Wednesday, April 27, 2016

Commerce of Godmen

Commerce of Godmen

Spiritual entrepreneurs start with the peddling of intangibles by way of highfaluting sermons in florid flourishes of language, using arabesque turns of phrase and idiom. It is often accompanied by spectacular rituals that compel attention and the recycling of fossilised wisdom from old texts, all in exchange for the not so intangible collections from their followers ostensibly for the promotion of the Faith, the best Instrument to tackle the problems of the modern world. As Meera Nanda taunts in The God Market ‘...tradition is modernity and to go forward, Indians must face backward.’
Intoxicated by the unexpected success of these start-ups, the purveyors of supernatural and theological virtues first enter the fields of education and health care, both highly rewarding areas, and follow it up with obtaining grants of land from a benevolent government to aid their socially beneficent schemes. Exercising a business acumen that has been highly developed from the handling of large finances some eye real estate and parcel out land (against substantial donations) originally acquired for an Ashram, retailing it for the stay of devotees in the larger family defined by the ashram which is now lorded over by the New Age Guru.  Such is the usual trajectory of the Babas that a gullible population worships and deifies.

However, the ambitions of unbridled ascetics soar high and aspire to match the successes of the tycoons of commerce and industry. Diversification is the tool to use and the manufacture of fast moving consumer goods provides a potent answer. The constituency of devotees becomes a captive test market and in some cases acts as a distribution network greatly subsidising the costs of selling. Even the tasks of copywriters and advertisement managers become easy by using terms like Ayurveda, Patanjali, Science of the Ancients, Naturopathy, all of which tug at the emotions of a people not yet unburdened of tradition. The competition which starts by facing organised industry takes on a different fierceness when pitted between different ashrams. Brand loyalty is yoked to Guru loyalty.

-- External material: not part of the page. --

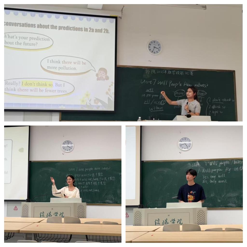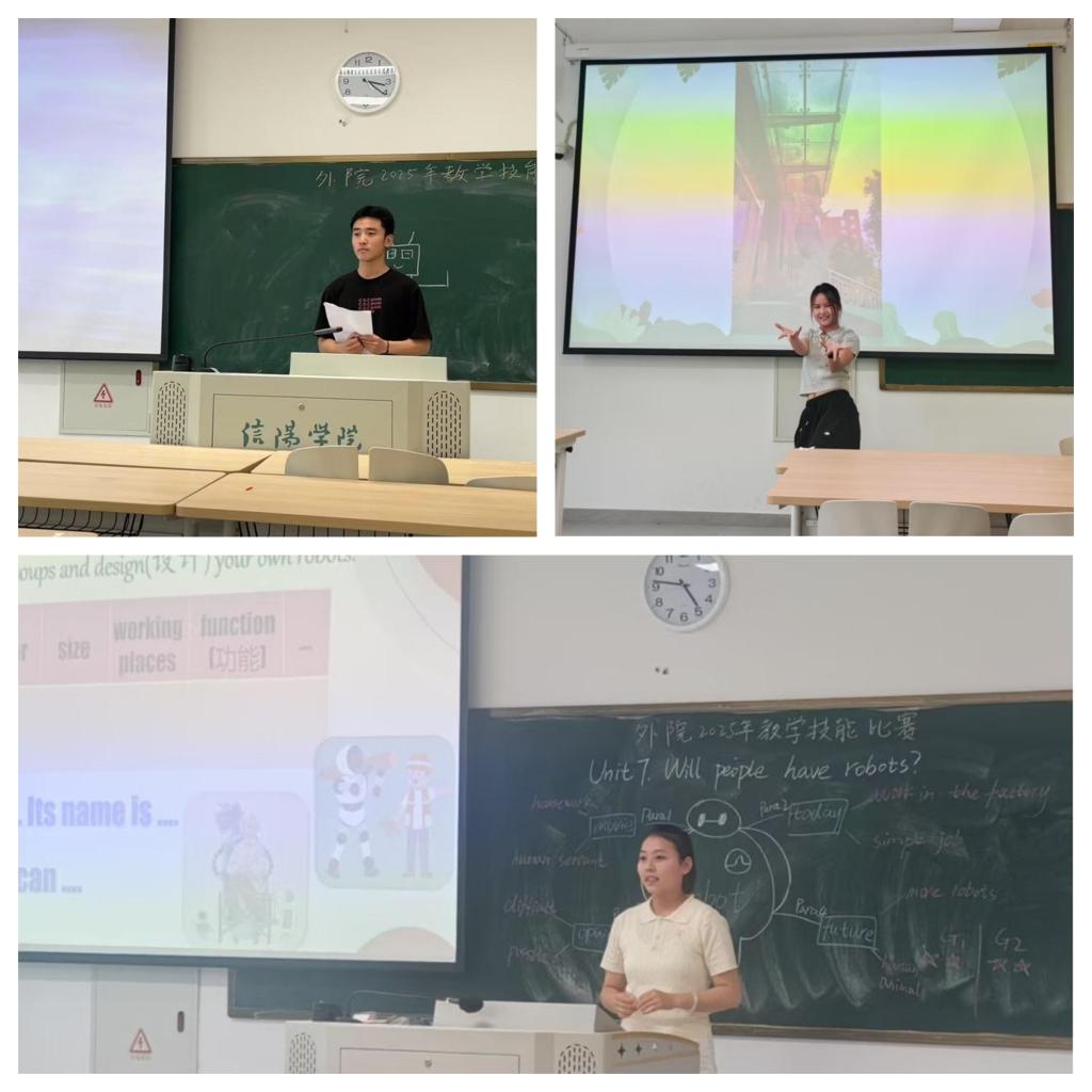 为进一步提升英语师范专业学生教学实践能力,选拔优秀选手参加校级师范生教学技能大赛,5 月19日,外国语学院2025年师范生教学技能比赛在外语楼 310、311 和 312 教室火热开赛。本次比赛面向2026届英语师范专业学生,24位选手同台竞技,一展未来教师的专业风采。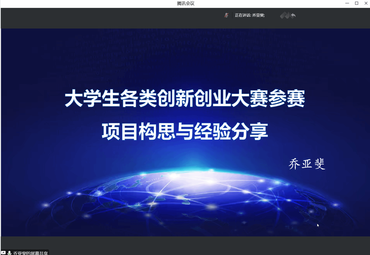 最后,孟宪龙老师向参会学生详细介绍了此次科研见习项目的报名流程、项目类别,提醒同学们及时联系老师,按照计划要求的时间节点完成报名。之后,由乔亚斐同学为同学们分享了竞赛心得,展示了项目构思的心路历程,介绍了各类竞赛项目的写作经验,给出了申报竞赛的实质性建议。

If these spiritual enterprises, having co-opted the temporal without deviating from the spiritual, are to follow the well trodden path of modern industry, we may soon see black knights and white knights manoeuvering for control of the smaller corporations and even perhaps mergers and acquisitions. There are quite a few ashrams in decline and in need of resurrecting. Will the larger spiritual corporations come to their rescue?

As Gramsci said “The point of modernity is to live a life without illusions while not becoming disillusioned.”